Again, in Bilal Ahmed Kaloo Vs State of AP (1997), the SC reiterated that the prosecution must be able to show mens rea of the accused. It added that merely inciting the feelings of one community or group without any reference to any other community or group cannot attract Section 153A. A latest judgment of the top court in Patricia Mukhim Vs State of Meghalaya in March 2021 maintained that mere repugnancy of the ideas expressed is insufficient to constitute the crime attracting penalty for a hate speech.
On applicability of Section 295 of IPC, the SC in S Veerabadran Chettiar Vs EV Ramaswami Naicker & Ors (1958) said that the Section has been intended to respect the religious susceptibilities of persons of different religions or creeds and hence, the courts should be very circumspect in such matters, and to pay due regard to the feelings and religious emotions of different classes of persons with different beliefs. Though the intention of the respondents may be to decry the feelings and wound the susceptibilities of a large section of the people, still the intention alone is not sufficient unless it is carried out by an act which must fall within the scope of this section. In Ramji Lal Modi Vs The State of UP, 1957, the SC upheld Section 295A while emphasising that to mean that aggravated forms of insults to religion must have a tendency to disrupt public order. In The Superintendent, Central Prison, Fatehgarh Vs Ram Manohar Lohia (1960), the SC held that the link between the speech spoken and any public disorder caused as a result of it should have a close relationship with each other for attracting Section 295A.
In Mahendra Singh Dhoni Vs Yerraguntla Shyamsundar and Anr, 2017, the SC quashed prosecution of the Indian cricketer under Section 295A, initiated over his picture published on a magazine cover posing as a Hindu God.

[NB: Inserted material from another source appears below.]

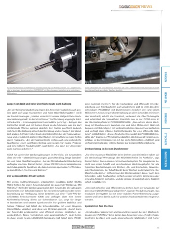 FR%u00c4SEN BOHREN DREHEN STECHEN INDUSTRIENNEWSLange Standzeit und hohe Oberfl%u00e4cheng%u00fcte dank K%u00fchlung%u201eBei der Miniaturbearbeitung legen die Anwender nat%u00fcrlich auch gro%u00dfen Wert auf lange Standzeiten und hohe Oberfl%u00e4cheng%u00fcten%u201c, wei%u00df der Produktmanager. %u201eHierbei unterst%u00fctzt unsere zielgerichtete Hochdruckk%u00fchlung direkt in der Schnittzone.%u201c Im Werkzeug angelegte K%u00fchlmittelkan%u00e4le %u2013 str%u00f6mungsoptimiert und additiv gefertigt %u2013 bringen das K%u00fchlmittel direkt und mit hohem Druck an die Schneide, was die dort entstehende W%u00e4rme optimal ableitet. Der Nutzer profitiert dadurch mehrfach: Die K%u00fchlung schont das Werkzeug und verl%u00e4ngert die Standzeit. Zudem hilft der hohe Druck des K%u00fchlmittels bei der Spanevakuierung und erm%u00f6glicht glattere Oberfl%u00e4chen mit deutlich weniger Riefen durch Flugsp%u00e4ne. %u201eBei der Spankontrolle leisten auch neu entwickelte Spanformer einen wichtigen Beitrag und sorgen f%u00fcr stabile Prozesse und eine h%u00f6here Produktivit%u00e4t%u201c, sagt Keller. %u201eSo kann der Anwender auch mannlos arbeiten.%u201c ISCAR hat zahlreiche Werkzeugl%u00f6sungen im Portfolio, die Anwendern diese Vorteile %u2013 Materialeinsparungen, gutes Handling, lange Standzeiten und hohe Oberfl%u00e4cheng%u00fcten %u2013 bei der Miniaturbauteil-Bearbeitung verf%u00fcgbar machen. Daniel Keller: %u201eUnser PICCO-System beispielsweise deckt das gesamte Spektrum ab, dazu kommen spezialisierte Werkzeuge zum Drehen, Stechen und Bohren.%u201cDer Generalist: Das PICCO-SystemMit seinen multifunktionalen, jetgek%u00fchlten Eins%u00e4tzen bietet ISCARs PICCO-System f%u00fcr jeden Anwendungsfall das passende Werkzeug. Mit PICCOCUT stellt der Werkzeugspezialist dem Anwender alle g%u00e4ngigen Geometrien von Schneideins%u00e4tzen f%u00fcr ein breites Spektrum der Innenbearbeitung zur Verf%u00fcgung. Diese bestehen aus einer TiAlN-PVD-beschichteten Feinstkornsorte IC908 und verf%u00fcgen %u00fcber eine innere K%u00fchlmittelzuf%u00fchrung direkt zur Schneidkante. Das sorgt f%u00fcr l%u00e4ngere Standzeiten und bessere Spankontrolle. F%u00fcr gr%u00f6%u00dfere Stabilit%u00e4t und h%u00f6here Pr%u00e4zision hat ISCAR die Schneideins%u00e4tze mit einer l%u00e4ngeren Klemmfl%u00e4che versehen und diese um 90 Grad gedreht. %u201eDamit kann der Anwender prozesssicher und effizient drehen, einstechen, gewindedrehen, fasen, formdrehen und axialeinstechen%u201c, sagt Keller.Im Zuge seiner neuen LOGIQUICK-Kampagne hat ISCAR seine PICCOLinie nochmal erweitert. F%u00fcr die hochpr%u00e4zise und effiziente Innenbearbeitung von Kleinbauteilen auf Langdrehern gibt es jetzt den dreischneidigen PICCO3CUT mit Durchmessern zwischen drei und sieben Millimetern. Seine zielgerichtete K%u00fchlung an allen Schneiden minimiert den Verschlei%u00df, erh%u00f6ht die Standzeit, verbessert die Oberfl%u00e4cheng%u00fcte und erleichtert die Spanabfuhr. Ebenfalls neu in der PICCO-Linie ist der Wechselkopfbohrer PICCOSUMOCHAM. %u201eDas extrem kleine Werkzeug mit Durchmessern zwischen vier und zehn Millimetern l%u00e4sst sich bequem mit Bohrk%u00f6pfen mit unterschiedlichen Geometrien best%u00fccken und verf%u00fcgt %u00fcber interne K%u00fchlmittelkan%u00e4le f%u00fcr eine effiziente K%u00fchlung%u201c, erkl%u00e4rt Keller. %u201eDieses Neuheitentrio rundet die PICCOINDEX-Eins%u00e4tze ab.%u201c Das kleine Wendeschneidplatten-Werkzeug ist vielseitig einsetzbar, in Durchmessern von 4,5 bis sechs Millimetern erh%u00e4ltlich und verf%u00fcgt ebenfalls %u00fcber interne Kan%u00e4le zur zielgerichteten K%u00fchlung.Drehwerkzeug im kleinen Durchmesser%u201eF%u00fcr eine maximale Flexibilit%u00e4t beim Drehen von Kleinteilen haben wir die Wechselkopf-Werkzeuge der NEOSWISS-Reihe im Portfolio%u201c, sagt Daniel Keller. Das modulare Schnellwechselsystem f%u00fcr Langdreher besteht aus einem Schaft und verschiedenen Werkzeugk%u00f6pfen f%u00fcr alle typischen Bearbeitungen wie Drehen, Ab- und Einstechen, Gewindeoder Stechdrehen. Der Schaft bleibt beim Wechsel in der Maschine. Der Maschinenbediener entfernt nur den Werkzeugkopf, den er nach dem Schneiden- oder Kopfwechsel einfach wieder einsetzt. Einmessen oder erneutes Anfahren entfallen, und die Anlage ist praktisch ohne R%u00fcstzeit sofort einsatzbereit.%u201eUm noch schneller und effizienter zu drehen, kann der Anwender auf den neuen QUICKSWISS zur%u00fcckgreifen%u201c, sagt der Produktmanager . Das modulare Drehsystem ist mit einer stabilen Plattenklemmung ausgestattet und kann damit auch f%u00fcr pr%u00e4zises R%u00fcckw%u00e4rtsdrehen eingesetzt werden.Spezialisten f%u00fcrs Stechen%u201eVerschiedene Spanformer und Geometrien sorgen bei den Stechwerkzeugen der PENTACUT-Linie daf%u00fcr, dass Anwender eine effektive Spankontrolle besitzen und auch anspruchsvolle Materialien mit hoher Dank Schneiden mit Schnittbreiten zwischen 0,8 und 1,2 Millimetern reduziert der DOGRIP den Rohstoffverbrauch beim Stechen deutlich.F%u00fcr die hochpr%u00e4zise und effiziente Innenbearbeitung von Kleinbauteilen auf Langdrehern gibt es jetzt den dreischneidigen PICCO3CUT mit Durchmessern zwischen drei und sieben Millimetern.59

The court held that this provision only punishes the aggravated form of insult to religion when it is perpetrated with the deliberate and malicious intention of outraging the religious feelings of that class.

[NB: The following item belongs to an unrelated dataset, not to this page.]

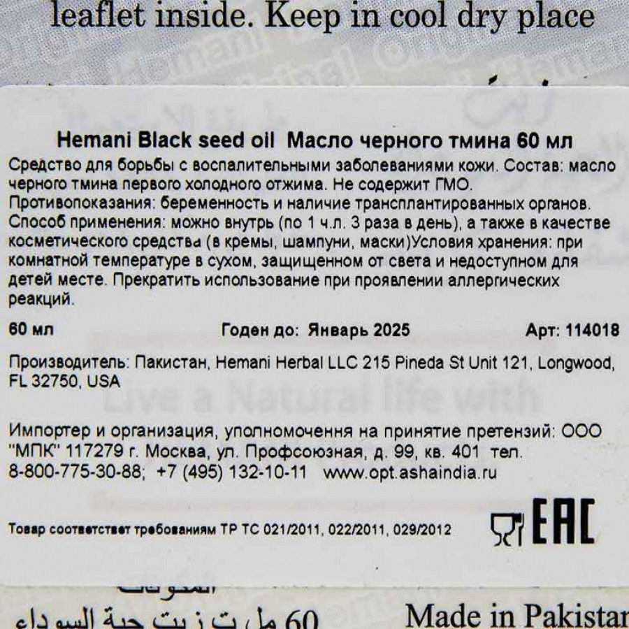 Hemani Black Seed Oil / Масло Черного Тмина 60 мл

In Amish Devgan Vs Union of India, the SC declared that the import of Section 295A is to curb speech made with ‘malicious intent’ and not ‘offensive speech’. “Criminality would not include insults to religion offered unwittingly, carelessly or without deliberate or malicious intent to outrage the religious feelings. Only aggravated form of insult to religion when it is perpetuated with deliberate and malicious intent... is punishable,” it held.

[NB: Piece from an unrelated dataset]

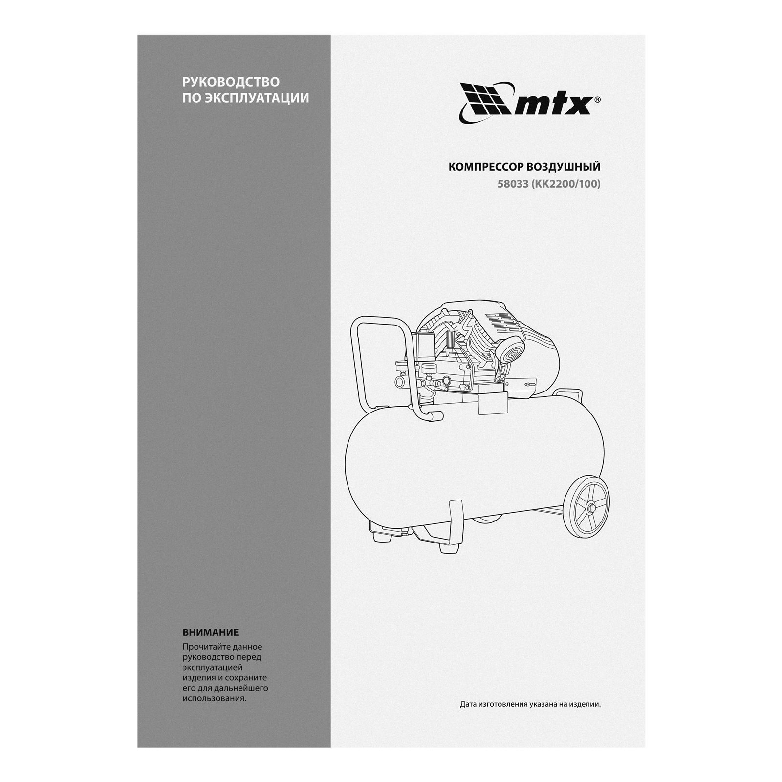 Компрессор воздушный КК-2200/100, 2,2 кВт, 350 л/мин, 100 л, прямой привод, масляный MTX в Краснодаре

Again, in Dr Ramesh Yeshwant Prabhoo Vs Prabhakar Kashinath Kunte & Ors, 1996, the SC upheld Section 123 (3A) of the Representation of People Act only if the enmity or hatred that was spoken about in the section would tend to create immediate public disorder and not otherwise. The line of judgments by the highest court of land makes it amply clear that the State has always been cautioned to examine an incident from either the standpoint of the clear and present danger test or the tendency to create public disorder before initiating prosecution for hate speeches or offending religious sentiments.
Law enforcement agencies must also be able to demonstrate the intent of the accused to offend religious sentiments of reasonable people, and incite them to violence.
The body of judgments cited above clarify that constitutional courts, have promoted free speech, defined the contours of reasonable restrictions and hate speech (and also blasphemy), not just in the physical domain, but also the Internet.
More than ever, the search must be to strike the right balance.